Last year, I made gingerbread thinking it was a brilliant idea to swap out dried old ginger spice for the real thing, freshly grated. Calculations veering on trigonometry did nothing to achieve an accurate substitution amount. Result: ew.
This year, I tried a recipe I’ve had in my collection for a decade but have never made. A rich chocolate tart calls for a special occasion and Thanksgiving seemed just the occasion. But dough and I just don’t get along (it refuses to be dough), so while I managed to at least make a chocolate crust, I failed to note that cocoa powder is not the same as cocoa. You knew that? You could have told me.

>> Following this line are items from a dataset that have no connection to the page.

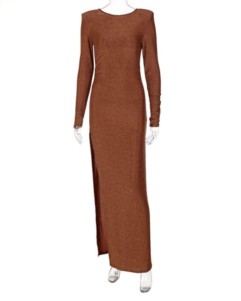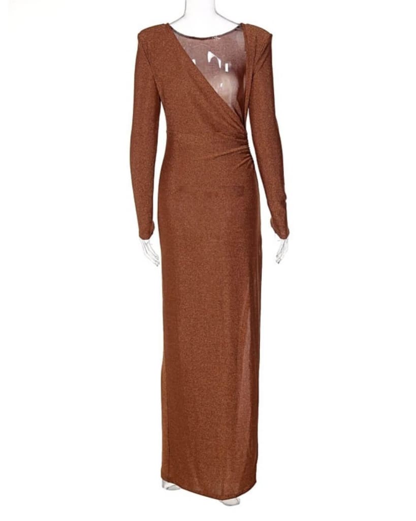 Flaunt this stylish and elegant backless gold silk maxi dress for upcoming events and look effortlessly stylish wherever you go.
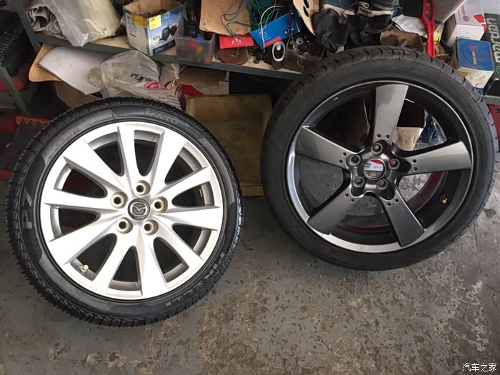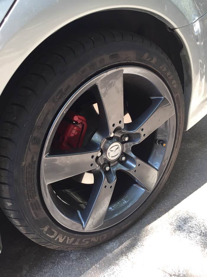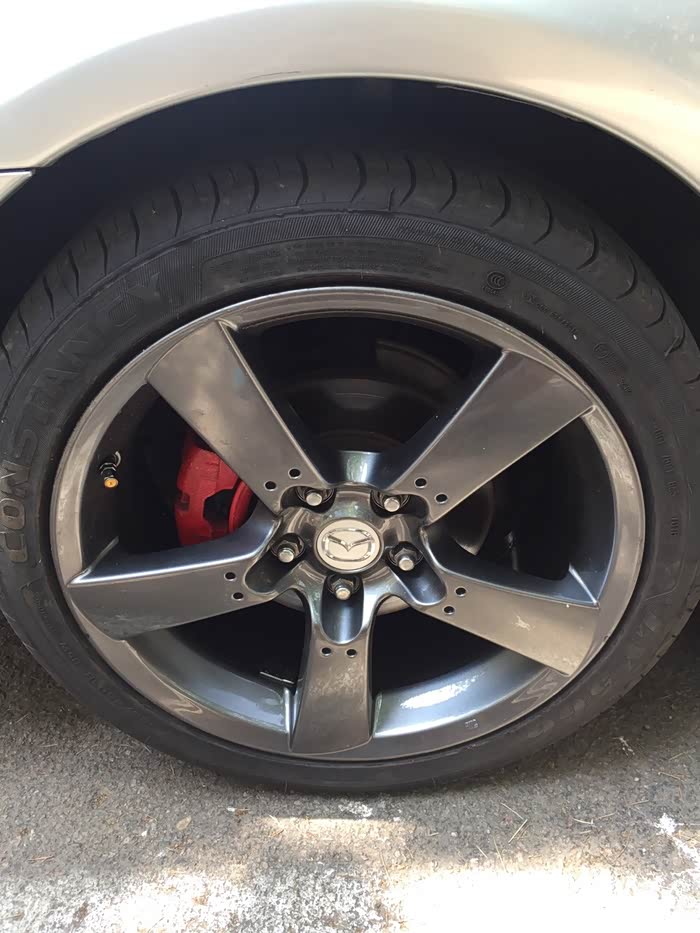 换了N套轮毂(前面都有帖子),用来用去还是喜欢RX8的感觉,姿态,数据,所以苦心海淘了这套RX8轮毂回来,成色极品(同行帮忙搞回来的),改了枪灰色,动平衡完美,为了兼顾舒适所以上了225 45 18(其实225 40 18更贴近原厂数据),因为二胎刚出生半个月。换完后,那叫一个称心如意,轮毂定型了
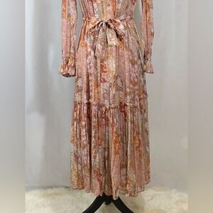 This romantic Zimmerman Kaleidoscope Tubular midi-dress gathers at the ruffled neck creating soft pleats at the bodice. Adorned with a patchwork-inspired print, this look is finished with flared cuffs. Come with slip dress and waist belt.
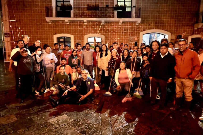 La presidenta de Atlixco, Ariadna Ayala, encabezó una jornada de limpieza y rehabilitación en el zócalo para preparar la Villa Iluminada 2025, que inicia el 21 de noviembre.
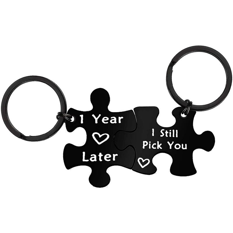 Set di portachiavi abbinati per coppia: regalo perfetto per il tuo ragazzo/fidanzata o marito/moglie per il primo anniversario. Per tutte le festività, come anniversario di matrimonio, festa della mamma, San Valentino, Natale, compleanno, fidanzate quotidiane, fidanzato, maritou0026 moglie, padre, madre, bambini, nonni, amici e famiglia. PERFETTO REGALO PER COPPIA: questo portachiavi per coppia è un regalo di anniversario per moglie, marito. I regali di compleanno dolci e premurosi di 1 anno ricordano ai tuoi cari che li amerai per sempre. Fai sapere a quell'uomo/donna speciale quanto lo ami. Set di portachiavi per l'anniversario abbinato: acciaio inossidabile di alta qualità, privo di piombo e nichel. L'acciaio inossidabile è ipoallergenico, non arrugginisce, non cambia colore e non si ossida. Perfetto per l'uso quotidiano e tesoro. Regalo di compleanno: Eleganti sacchetti di velluto vengono utilizzati per imballare e spedire il nostro portachiavi, pronto per essere regalato

I also realized halfway through (seriously, there’s a reason you should read recipes all the way through before attempting, but we’re stubborn, you and I) that the magazine clipping with the recipe was missing the part about how to make the chocolate filling. After Googling around and going for it, I had a rich chocolate tart that was half rich, half dry as unsweetened cocoa.
But no matter. All would be forgiven once everyone saw the adorable turkey figure I stenciled on the tart using a hand drawn turkey silhouette and powdered sugar. Before popping it in the car this morning, I took a peek at the tart only to realize that the turkey had disappeared; the sugar had dissolved into the chocolate, as if embarrassed. Back in the kitchen, I sifted more sugar around the salvaged stencil. Crisis averted. Until I arrived at my friend’s house with the turkey half dissolved again and fading fast.
But this is a day to be thankful. Thankful that I have friends who will pretend the bitter tart crust is delicious and that the cute turkey is still clearly visible even when it’s not. At least I snapped a picture of the sucker for proof. If you too want to attempt this tart using actual cocoa powder, and can somehow manage to roll the dough out to the recommended 4″ x 16 ” rectangle and find a tart pan that size while not burning the edges and not watching your turkey shape disappear, by all means try the recipe.
On my drive home, a shooting star shot across the sky—a magical moment considering that it was, well, a star shooting across the sky to its death but more so because it was so clearly visible even from a city highway. You’d think I wished for more sense when it comes to baking, but I didn’t.